- _PROBLEM TO SOLVE_: From the line with "145 - من حديث" down to the final line of the material, please transcribe everything exactly, but leave the pictures out.

******

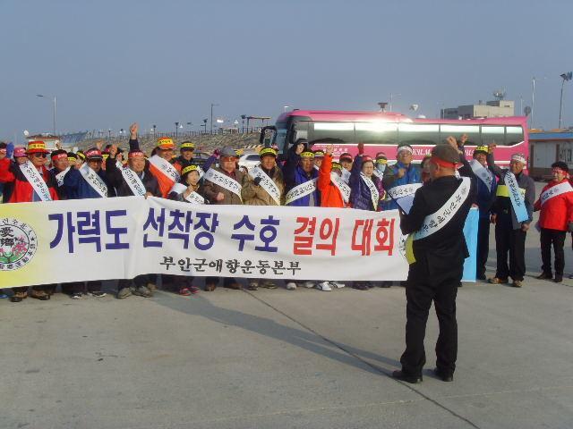부안군애향운동본부가 12일 가력선착장을 조성 목적에 맞게 사용하도록 보장해 줄 것을 촉구하는"가력선착장 수호결의문"을 회원 100여명이 참여한가운데 가력선착장에서 발표했다. 이날 결의문을 통해 "어민들의 건의에 따라 새만금사업 대체어항으로 비응, 신시, 가력 3개 어항을 건설한 이후 군산 어민은 비응항과 신시항을, 부안·김제어민은 가력항을 주로 사용하고 있다" 설명했다.
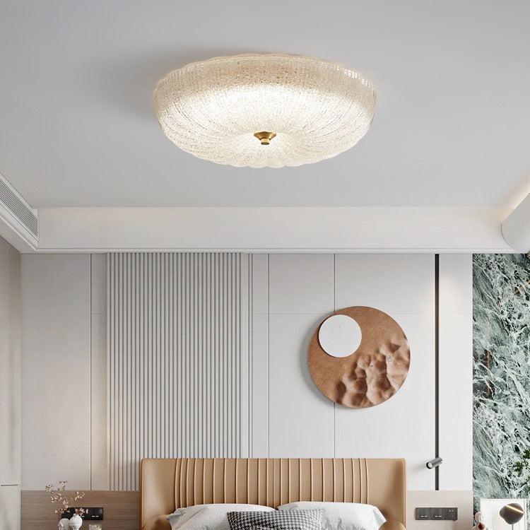 Contemporary Nordic Round Stripe Handmade Glass Copper LED Flush Mount Ceiling Light For Living Room
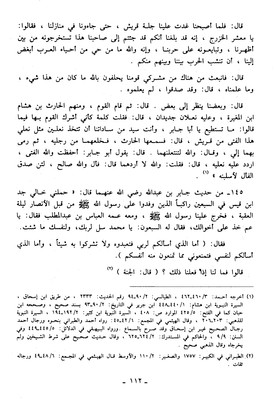145 - من حديث جابر بن عبد الله رضي الله عنهما قال: "حملني خالي جد ابن قيس في السبعين راكبًا الذين وفدوا على رسول الله - صلى الله عليه وسلم - من قبل الأنصار ليلة العقبة، فخرج علينا رسول الله - صلى الله عليه وسلم -، ومعه عمه العباس بن عبد المطلب فقال: يا عم خذ على أخوالك، فقال له السبعون: يا محمَّد سل لربك، ولنفسك ما شئت.
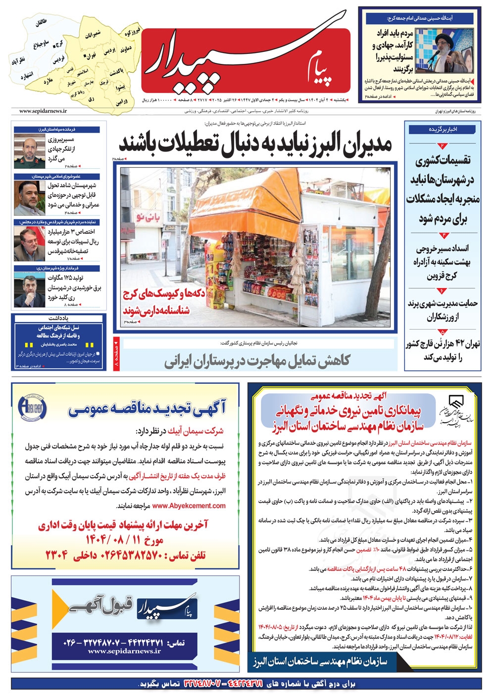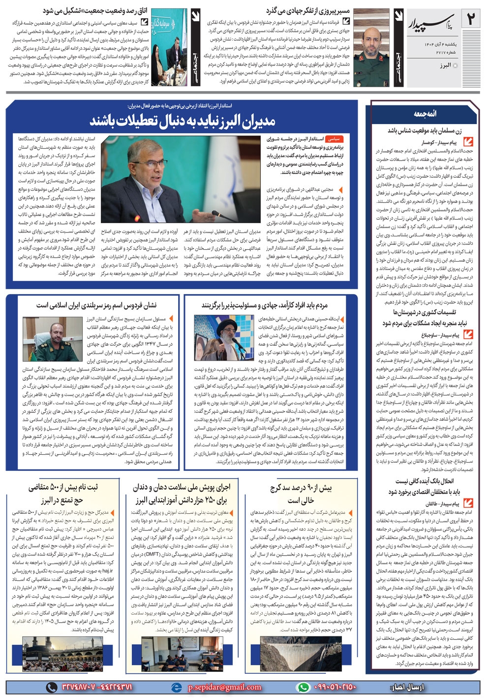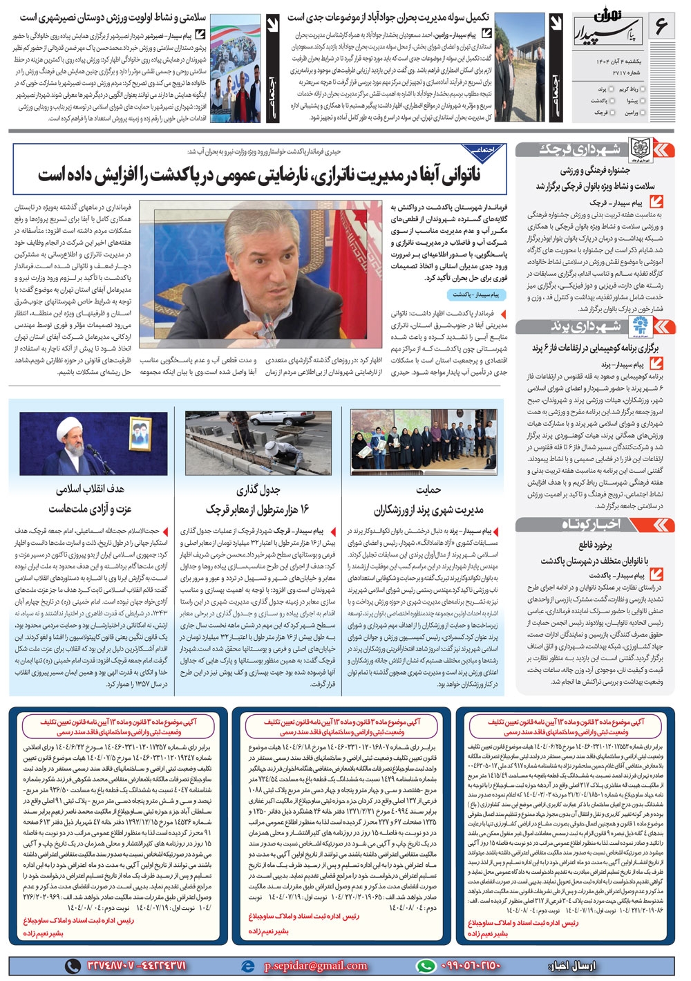 روزنامه پیام سپیدار شماره 2717 یکشنبه چهارم آبان سال هزارو چهارصدو چهار منتشر شد و در دسترس مخاطبین قرار گرفت. روزنامه پیام سپیدار را می توانید از کیوسک های مطبوعاتی سطح شهر تهیه کنید.
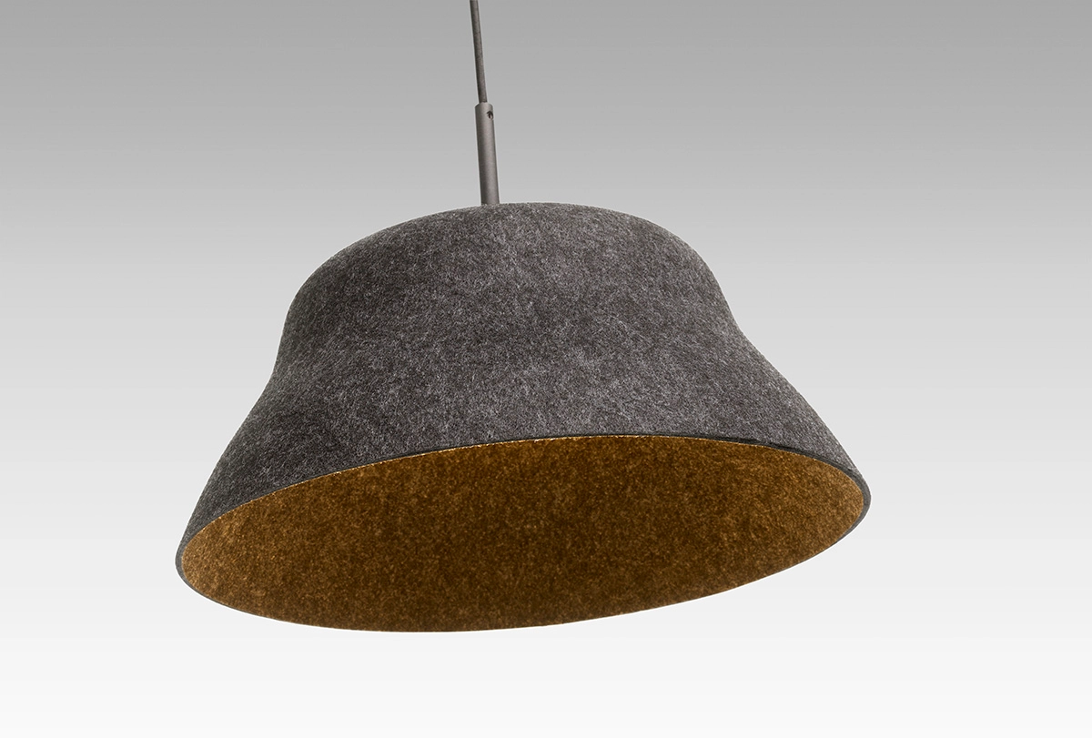 Inspired by all famous hats, weared to protect or highlight your personality. Hepburn is multifunctional. A pendant lamp with pleasant light, at the same time a sound absorbent and a piece of art. Three sizes in soft shapes in moulded felt, with a characteristic of elegance. As always iconic when we collaborate with Claesson Koivisto Rune.

******

- _SOLUTION TO THE PROBLEM_:
145 - من حديث جابر بن عبد الله رضي الله عنهما قال: "حملني خالي جد ابن قيس في السبعين راكبًا الذين وفدوا على رسول الله - صلى الله عليه وسلم - من قبل الأنصار ليلة العقبة، فخرج علينا رسول الله - صلى الله عليه وسلم -، ومعه عمه العباس بن عبد المطلب فقال: يا عم خذ على أخوالك، فقال له السبعون: يا محمَّد سل لربك، ولنفسك ما شئت.
 روزنامه پیام سپیدار شماره 2717 یکشنبه چهارم آبان سال هزارو چهارصدو چهار منتشر شد و در دسترس مخاطبین قرار گرفت. روزنامه پیام سپیدار را می توانید از کیوسک های مطبوعاتی سطح شهر تهیه کنید.
 Inspired by all famous hats, weared to protect or highlight your personality. Hepburn is multifunctional. A pendant lamp with pleasant light, at the same time a sound absorbent and a piece of art. Three sizes in soft shapes in moulded felt, with a characteristic of elegance. As always iconic when we collaborate with Claesson Koivisto Rune.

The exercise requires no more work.